Extracted data entries
⁂
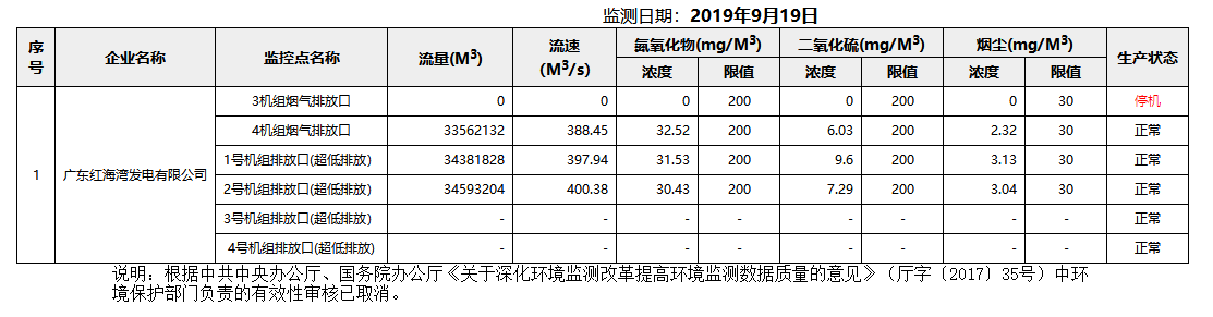 2019年9月19日汕尾市国控重点污染源废气企业自动监控数据报表
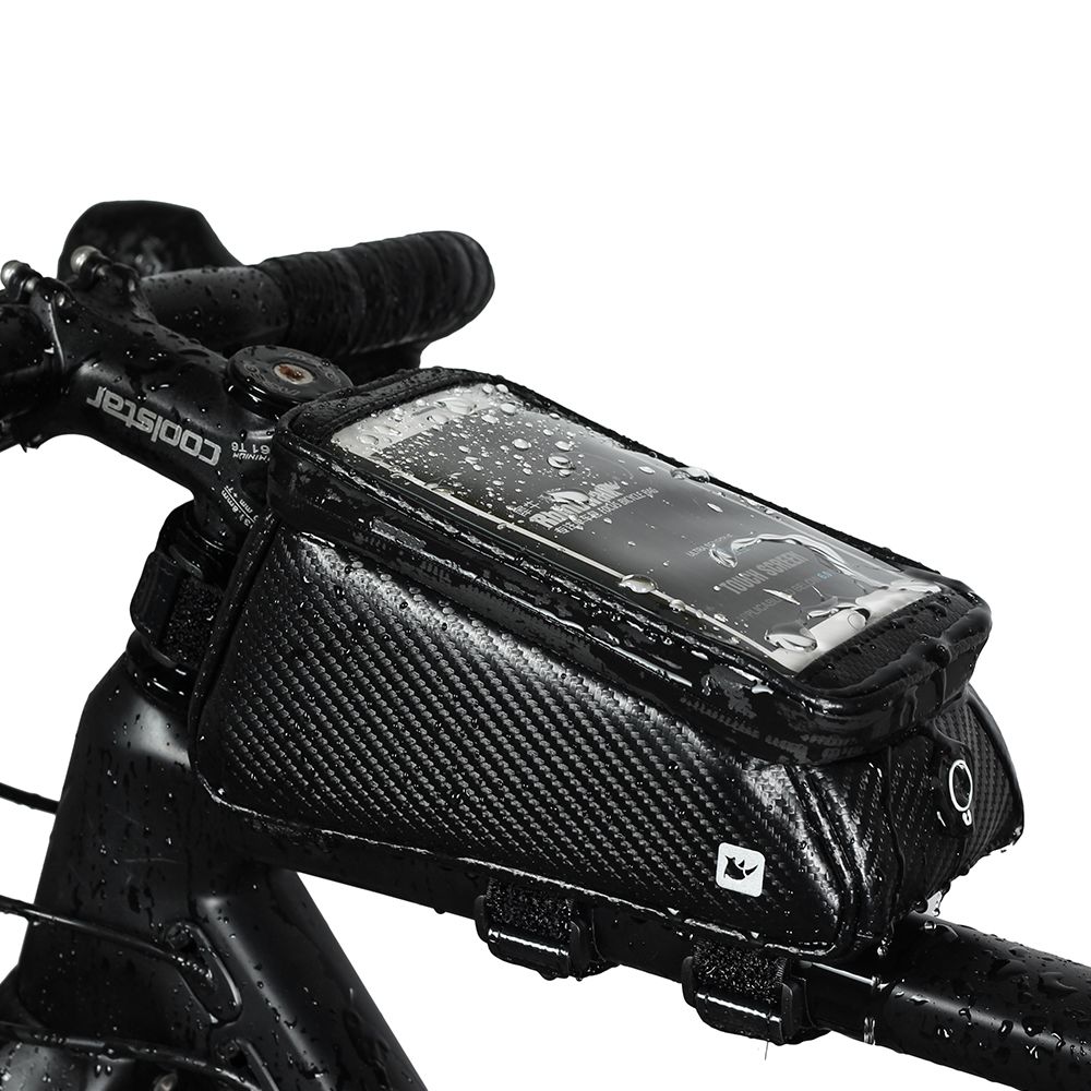 *DURABLE & WATER RESISTANT: The bike top tube bag is made of ultralight and stylish carbon fiber material with sealed double zippers closure, which ensures the water doesn't flow into the bag.The sun visor and flashing board is great use for rainy or sunny day
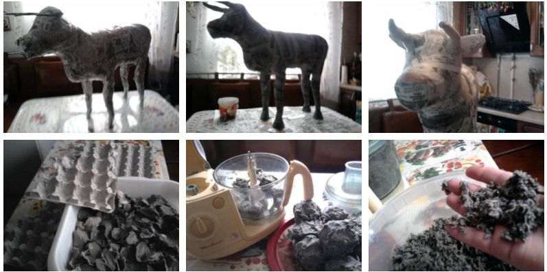 От целулозата от тавичките за яйца могат да се изработят животни, коледни украшения и други малки предмети. Залейте тавите за яйца с гореща вода и ги оставете да се накиснат за един ден. Получената маса се изстисква добре с кърпа и се добавят лепило и PVA лепило.
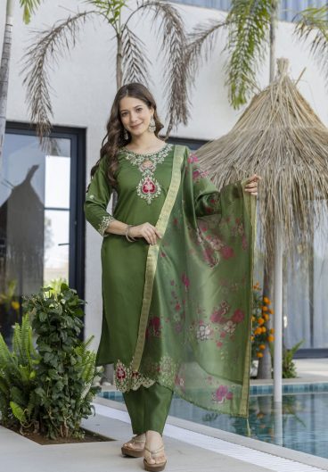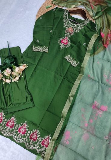 Festive & Party Wear Viscous Chanderi With Embroidery Work Top bottom Dupatta Set
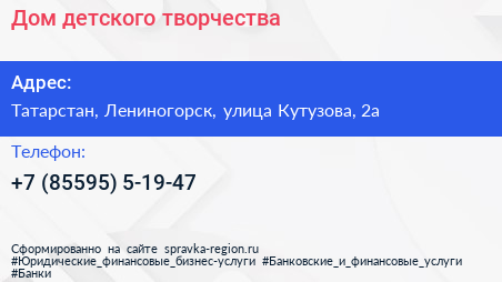 Дом детского творчества по адресу Татарстан, Лениногорск, улица Кутузова, 2а в дальнейшем Организация, размещена в следующих категориях:
⁂
Required action
Copy out the records above in full, exactly as written, but not the pictures.

Result
 2019年9月19日汕尾市国控重点污染源废气企业自动监控数据报表
 *DURABLE & WATER RESISTANT: The bike top tube bag is made of ultralight and stylish carbon fiber material with sealed double zippers closure, which ensures the water doesn't flow into the bag.The sun visor and flashing board is great use for rainy or sunny day
 От целулозата от тавичките за яйца могат да се изработят животни, коледни украшения и други малки предмети. Залейте тавите за яйца с гореща вода и ги оставете да се накиснат за един ден. Получената маса се изстисква добре с кърпа и се добавят лепило и PVA лепило.
 Festive & Party Wear Viscous Chanderi With Embroidery Work Top bottom Dupatta Set
 Дом детского творчества по адресу Татарстан, Лениногорск, улица Кутузова, 2а в дальнейшем Организация, размещена в следующих категориях:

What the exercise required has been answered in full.